Personally, I would get a band saw with a minimum 12 inch throat depth. Otherwise, it will be very limiting. Buy a quality product. My band saw needed a fair amount of ongoing maintenance/attention ...likely because it was a very inexpensive import. Given that it was not dependable, it became annoying and extremely frustrating.

It is also very advantageous to learn how to repair broken blades.

You might also ask yourself how often you will use the band saw in the future. If you are getting this for one build, I would find someone who will let you use/rent theirs.


----------



## mr trick (Sep 21, 2013)

as greco says, the 12" throat allows you to cut shapes, bodies, resaw larger pieces to bookmatch, good general purpose saw. a small 9" 3 wheeled bandsaw crept into the shop as well for cutting smaller things, bone nuts, brass, but my favourite for cutting body shapes is a 24" scroll saw by Rockwell. what has really happened in the shop is that tools were purchased to do the job they do best, anything to get production up. as a hobbyist needs are different.


----------



## Lincoln (Jun 2, 2008)

It's better than no band saw at all!

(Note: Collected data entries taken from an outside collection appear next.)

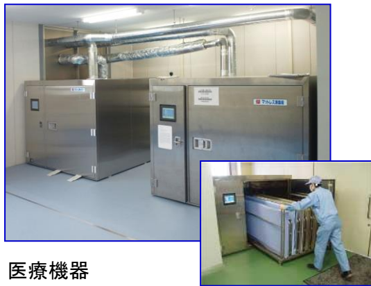
医療機器 「燦クリーンキーパー」による マットレスの蒸気消毒 及び 乾燥
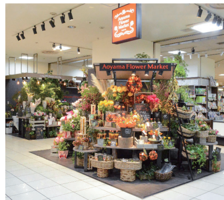
青山フラワーマーケット

流通業全体の営業収益につきましては、新型コロナウイルス感染症の感染拡大防止のため、山陽百貨店では一部売場の臨時休業や時短営業を行ったものの、前年よりも実施期間が短かったことなどにより来店客数の回復が見られた一方で、収益認識に関する会計基準等の適用の影響を受け、3,942百万円（前年同期営業収益は7,639百万円）となりました。
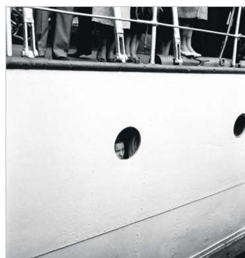
Aho &amp; Soldan kuvasi paljon matkailuaiheita.

Vaikka Suomi näissä näyttelyissä näyttää-
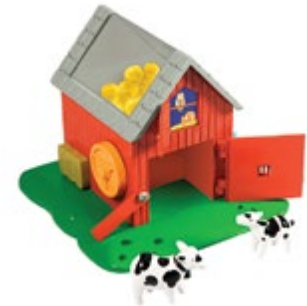
Bright Basics™ Busy Barn
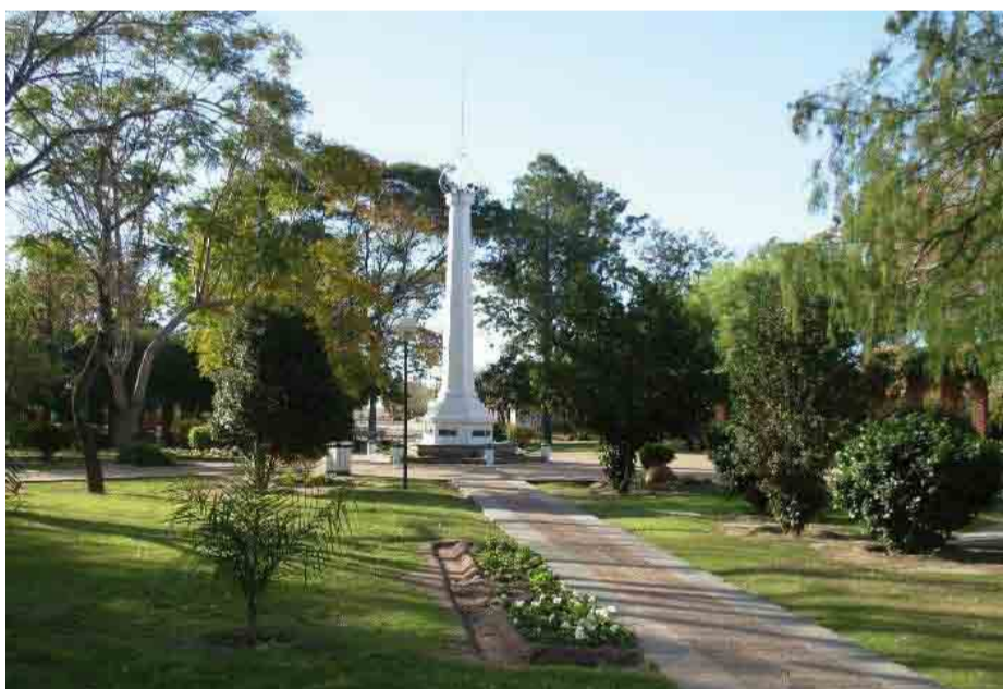
Plaza Llambi Campbell

The big thing with smaller band saws is that you may not have the swing room to cut all the way around a body in one continuous cut. You may have to back up and go at it from a different side or different angle at some point. Still better and straighter than a jig saw. If you want to get into re-sawing guitar tops (sawing something that's 12" to 16" wide) you will need more than a 14" band saw anyway. 16" would be nice.


----------



## greco (Jul 15, 2007)

mr trick said:


> .......my favourite for cutting body shapes is a 24" scroll saw by Rockwell.


I would certainly give a lot of consideration to one of these. Very handy for several applications.

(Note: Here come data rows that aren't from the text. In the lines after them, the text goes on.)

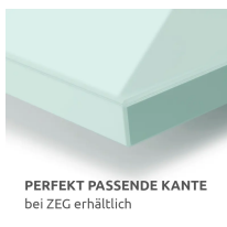
PERFEKT PASSENDE KANTE bei ZEG erhältlich
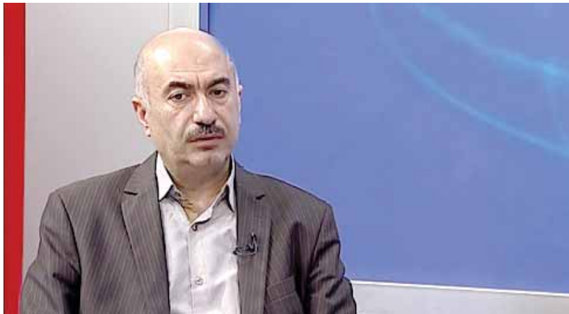
رئیس سازمان صنعت، معدن و تجارت خبر داد
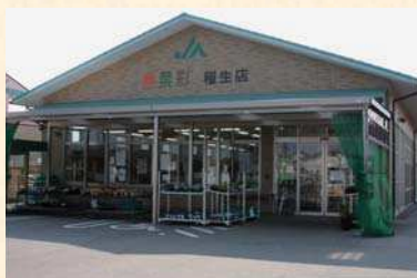
稲生店 鈴鹿市稲生2丁目17-17 ☎ 059-380-0831
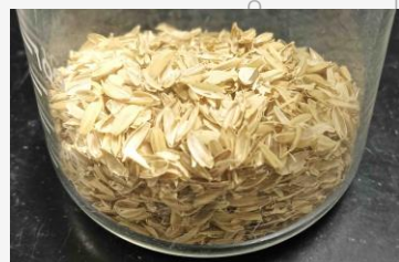
未利用バイオマス 資源
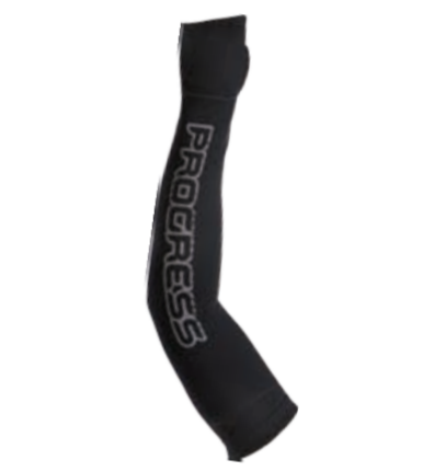
BIKE STUFF ARM + P1 zimní návleky na ruce s reflexním potiskem I, II, III
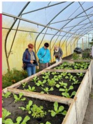
De oude bakken -

To be fair, my opinions are old/outdated and I have no accurate knowledge as to what is available and at what prices.


----------



## Lincoln (Jun 2, 2008)

Don't forget to look around for used equipment too. I bought my 14" band saw used for $150 off an old guy that was getting out of wood working.


----------



## Taylor (Oct 31, 2014)

My first 3 builds were done with a jigsaw and a router table, so I don't doubt that a 9" bandsaw could get the job done. It's less-than-ideal, and the process might be frustrating (you'll probably have to attack a body from a few different angles rather than in one fell swoop), but you could make it work. 

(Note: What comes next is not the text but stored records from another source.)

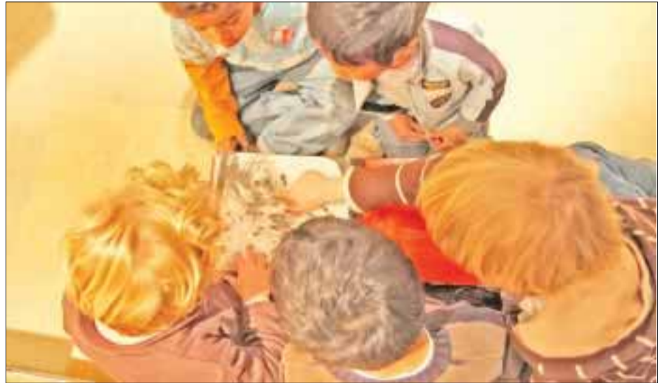
En ocasiones podemos encontrar padres irresponsables, que procuran dejar hasta lo más tarde posible a sus hijos.

Llegar o entrar sin saludar y sin presentarse. Entrar corriendo o aventando a las personas o cosas que traigan o estén a su paso. Gritar dentro de la casa, hotel, restaurante o el lugar donde se encuentren. Ser groseros o utilizar palabras o frases ofensivas o de falta de respeto. Interrumpir cuando dos personas estén hablando. En-
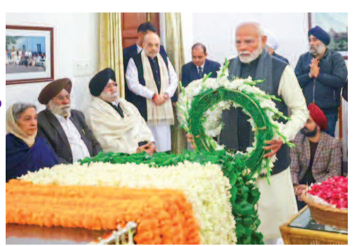
నా గురువును కోల్పోయాను: రాహుల్ గాంధీ మన్మోహన్ కు సోనియా, రాహుల్ నివాళి ఖర్గే తదితరులు శ్రద్ధాంజలి నేడు ఏఐసీసీ కార్యాలయానికి పార్థివ దేహం 2

న్యూఢిల్లీ డిసెంబర్ 27 (నిఘా న్యూస్): భారత మాజీ ప్రధాని, కాంగ్రెస్ సీనియర్ నేత మన్మోహన్ సింగ్ పార్థివదేహానికి ప్రధాని మోదీ, హెంజులకాని మంత్రి అమిత్ షా, బిజెపి జాతీయ అధ్యక్షుడు జెపి నద్దా తదితర ప్రముఖులు నివాళులర్పించారు. ఆయన కుటుంబసభ్యులకు ప్రగాఢ సానుభూతి తెలిపారు. మన్మోహన్ సింగ్ మృతిపై రాజకీయ, సినీ ప్రముఖులు సంతాపం తెలిపారు. మాజీ ప్రధాని మన్మోహన్ సింగ్ కన్ను మూయడంతో దేశ ప్రజలు శోకసంద్రంలో మునిగిపోయారు. ఆయన పార్థివదేహానికి రాష్ట్రపతి ద్రౌపదీ ముర్ము ప్రధాని సర్వమోదీ నివాళులర్పించారు. శుక్రవారం ఉదయం మన్మోహన్ నివాసానికి వెళ్లి ఆయన భౌతికకాయం పద్ద అంజలి పోతించారు. ఆయన కుటుంబసభ్యులకు ప్రగాఢ సానుభూతి తెలిపారు. అనంతరం ప్రధాని మోదీ మాట్లాడుతూ 'ఆర్థికవేత్తగా, సంస్కరణల సారథిగా మన్మోహన్ సింగ్ ను దేశం గుర్తుంచుకుంటుంది. ఆర్.బీ.ఐ గవర్నర్ సహా అనేక కీలక పదవుల్లో దేశానికి సేవలందించారు. పీవీ హయాంలో ఆర్థికమంత్రిగా దేశ ఆర్థిక ముఖచిత్రాన్ని ..మిగతా 2లో
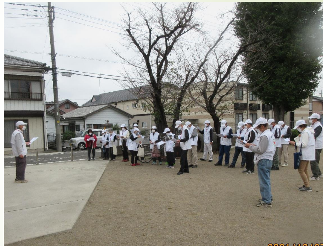
新型コロナ対策のため外で！
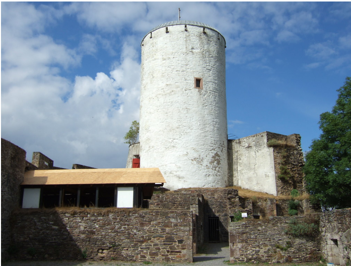
Bergfried der Burg Reifferscheid in Hellenthal (2013)
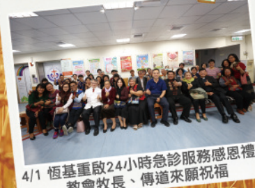
4/1 恆基重啟24小時急診服務感恩禮拜 教會牧長、傳道來願祝福
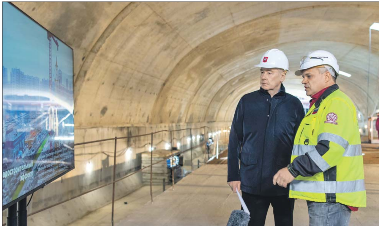
Мэр Москвы Сергей Собянин и генеральный директор АО «Мосметрострой» Сергей Жуков на строящейся станции «Физтех»

«Физтех» — это станция мелкого заложения с двумя вестибюлями, выходящими к Дмитровскому шоссе, к остановкам наземного транспорта и к жилой и общественной застройке. Её главным украшением станут световые колонны в центре платформы. Меж-
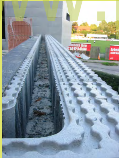
16_Aus dem oberen Attikastein wurden die Stege he...
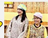
それぞれに似合う被り方で記念撮影。素敵なお二人

「帽子deちょっと良い話」や、みなさまの帽子の活動情報(イベント出展・イベント掲載など)の情報を募集中をしています。ぜひ、お知らせください。※紹介イベントは、事情により、急遽変更・中止される可能性もありますので必ず「当日に開催をご確認の上」ご来場ください。

(FWIW, I got my 14" benchtop bandsaw used for about $100, and a 22" benchtop scrollsaw used for about $80. If you don't mind doing a bit of lubricating and fettling, the used market is your best friend.)


----------



## greco (Jul 15, 2007)

Taylor said:


> My first 3 builds were done with a jigsaw and a router table, so I don't doubt that a 9" bandsaw could get the job done. It's less-than-ideal, and the process might be frustrating (you'll probably have to attack a body from a few different angles rather than in one fell swoop), but you could make it work.
> 
> (FWIW, I got my 14" benchtop bandsaw used for about $100, and a 22" benchtop scrollsaw used for about $80. If you don't mind doing a bit of lubricating *and fettling,* the used market is your best friend.)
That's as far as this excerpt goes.